╭─ DATA SECTION

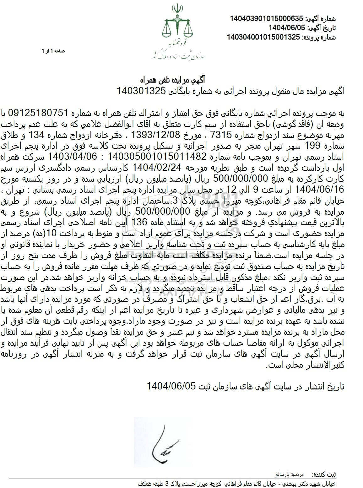 موضوع مزایده : حق امتیاز و اشتراک تلفن همراه به شماره 09125180751 به ارزش 500.000.000 ریال
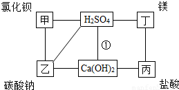 (6分)如图中每条连线表示两端的物质可以发生化学反应,甲、乙、丙、丁分别为Mg、BaCl2、Na2CO3、HCl中的一种。![]()
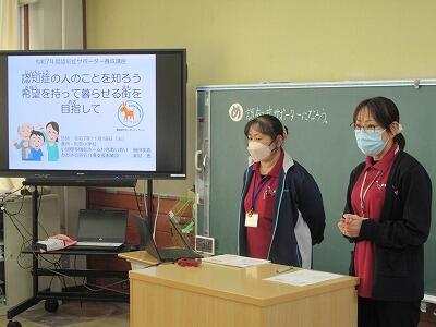 認知症サポートキャラバン 投稿: HP管理者 (17:53) 認知症サポートキャラバン 11月18日(火) 学習発表会の振替休業日明けの今日、4年生が認知症サポートキャラバンの方々から、認知症について学びました。 まずは、認知症とは何かについて知り、そのあと、症状や認知症の方への接し方について分かりやすく教えていただきました。 最後に、子どもたち一人一人に、認知症サポーターの証である、オレンジ色のリストバンドが配られました。 Tweet -
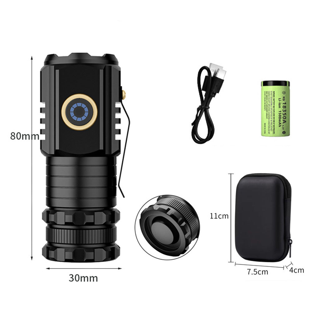 S350 Outdoor Aluminum Alloy Flashlight 18350 Battery Powered Portable Flashlight with Storage Bag
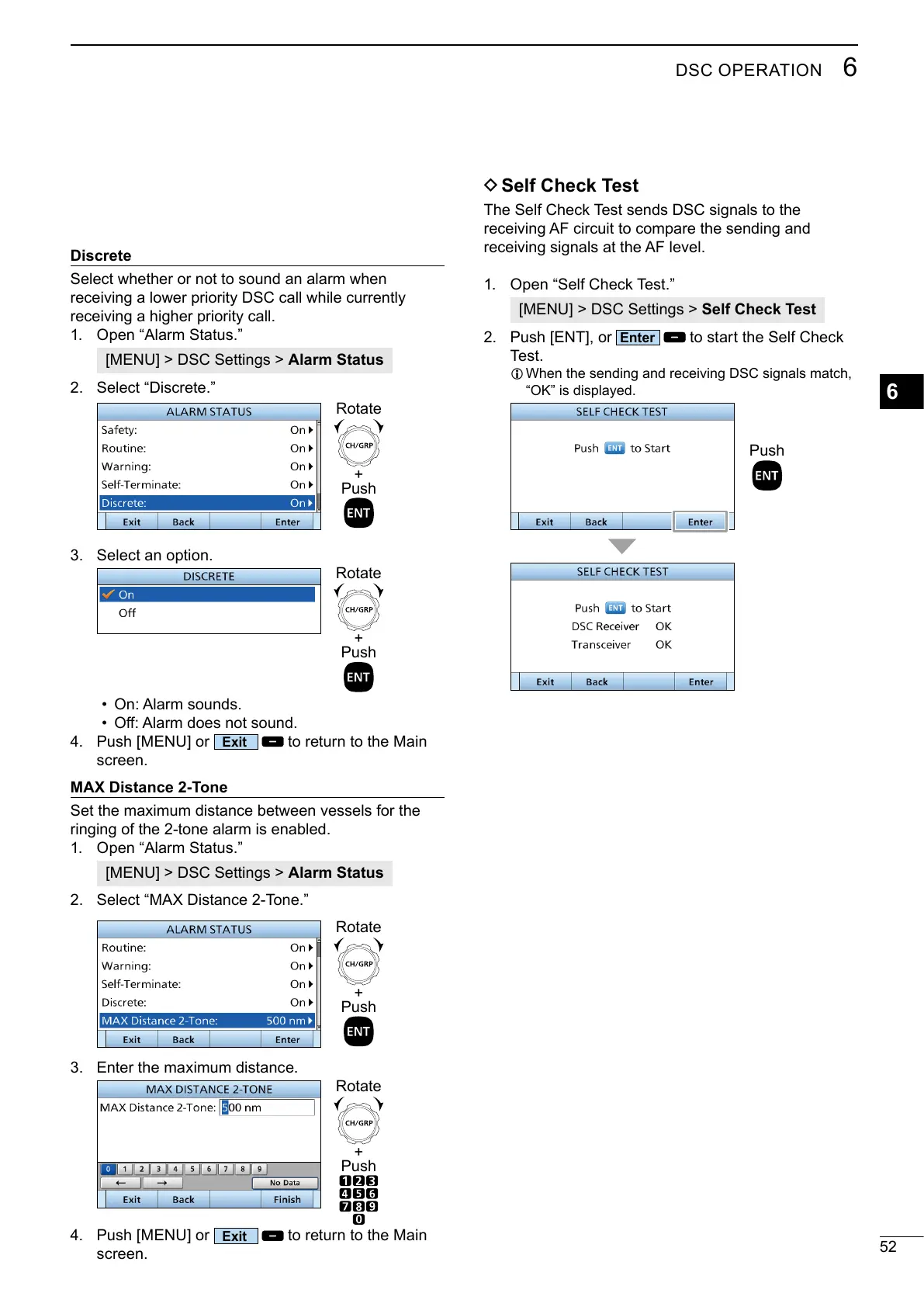 [MENU] > DSC Settings > Self Check Test
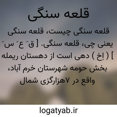 قلعه سنگی. [ ق َ ع َ س َ ] ( اِخ ) دهی است از دهستان ریمله بخش حومه شهرستان خرم آباد، واقع در 7هزارگزی شمال باختری خرم آباد و 3هزارگزی خاور خرم آباد به کرمانشاه موقع جغرافیایی آن جلگه و معتدل و مالاریایی است و سکنه آن 300 تن است. آب آن از رودخانه پاپی و محصول آن غلات و لبنیات و شغل اهالی زراعت و گله داری و صنایع دستی زنان فرش بافی و سیاه چادربافی است. راه اتومبیل رو دارد و ساکنین از طایفه سپه وند هستند و برای تعلیف احشام به ییلاق و قشلاق میروند. ( از فرهنگ جغرافیایی ایران ج 6 ).
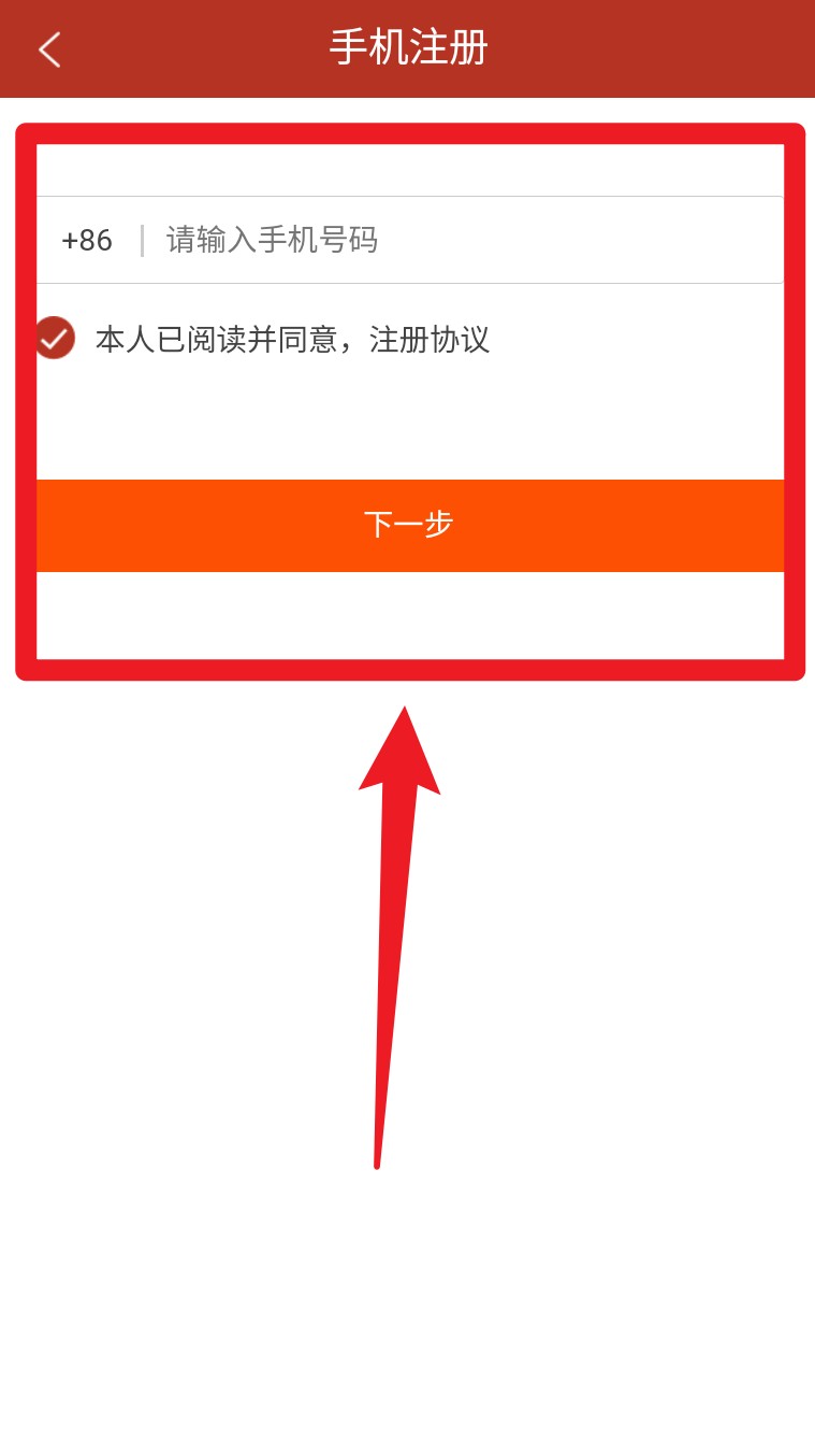 4. 未注册用户点击购买后会跳转至手机号注册页面,填写号码并勾选协议后点“下一步”。

╰─

Using the data above, give again exactly the lines starting at the one holding "認知症サポートキャラバン 投稿: HP管理者" and ending at the one holding "[MENU] > DSC Settings > Self Check Test", inclusive, and nothing more. Omit the pictures.

 認知症サポートキャラバン 投稿: HP管理者 (17:53) 認知症サポートキャラバン 11月18日(火) 学習発表会の振替休業日明けの今日、4年生が認知症サポートキャラバンの方々から、認知症について学びました。 まずは、認知症とは何かについて知り、そのあと、症状や認知症の方への接し方について分かりやすく教えていただきました。 最後に、子どもたち一人一人に、認知症サポーターの証である、オレンジ色のリストバンドが配られました。 Tweet -
 S350 Outdoor Aluminum Alloy Flashlight 18350 Battery Powered Portable Flashlight with Storage Bag
 [MENU] > DSC Settings > Self Check Test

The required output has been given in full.